Yeah , she was very special to me , we basically grew up together 
I called her my heartbeat , my other half


----------



## Crossroads Boers (Feb 19, 2011)

Pictures from the weekend!! We had a BLAST! Bree did so awesome and has come so far. She's almost a new horse.  We even conquered trailer loading!


----------



## ksalvagno (Oct 6, 2009)

Nice!


----------



## COgoatLover25 (Dec 23, 2013)

Such a pretty girl!


----------



## Trickyroo (Sep 26, 2012)

You ROCK Victoria ! She looks AWESOME !!! :hi5::woohoo::thumb:

You look great on her , very pretty you two 

Is that your sister's horse , love that color !

Hey , looks like Bree picked up a hitchhiker in that first picture , lol.....So cute !!!


----------



## Crossroads Boers (Feb 19, 2011)

Thanks Karen and COgoatLover!  

Thanks Laura! Haha, yeah... we picked up a hitchhiker. That's my adorable little sis Brielle.  She was adopted believe it or not.  Brielle LOVES to ride the horses! And yes the palomino is Caroline's gelding. He's a handsome dude.


----------



## Trickyroo (Sep 26, 2012)

Crossroads Boers said:


> Thanks Karen and COgoatLover!
> 
> Thanks Laura! Haha, yeah... we picked up a hitchhiker. That's my adorable little sis Brielle.  She was adopted believe it or not.  Brielle LOVES to ride the horses! And yes the palomino is Caroline's gelding. He's a handsome dude.

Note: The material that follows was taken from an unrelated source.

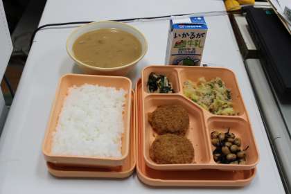 一口ヒレとんかつ・ツナと野菜の炒めもの・大豆とひじきの煮もの・ほうれん草としめじのごまあえ・うすあげとはくさいのみそ汁、です。ヒレとんかつには「とんかつソース」がついています。

I forgot her name , but thats Ben's sister , right ? She is precious 
Where is the little man , does he like the horses too ? 
Brielle is just glowing sitting there on Bree , such a sweet picture 
Caroline's horse is gorgeous , love Pals  What's his name ?


----------



## Crossroads Boers (Feb 19, 2011)

Yes.  Brielle is her name. Ben loves to ride the horses almost as much as she does. Brielle would ride alll dayyyy long if she could! 

Caroline's horse is Bubba.


----------



## J.O.Y. Farm (Jan 10, 2012)

Beautiful horse!

And your siblings are pretty darn adorable too!


----------



## Crossroads Boers (Feb 19, 2011)

Thanks.


----------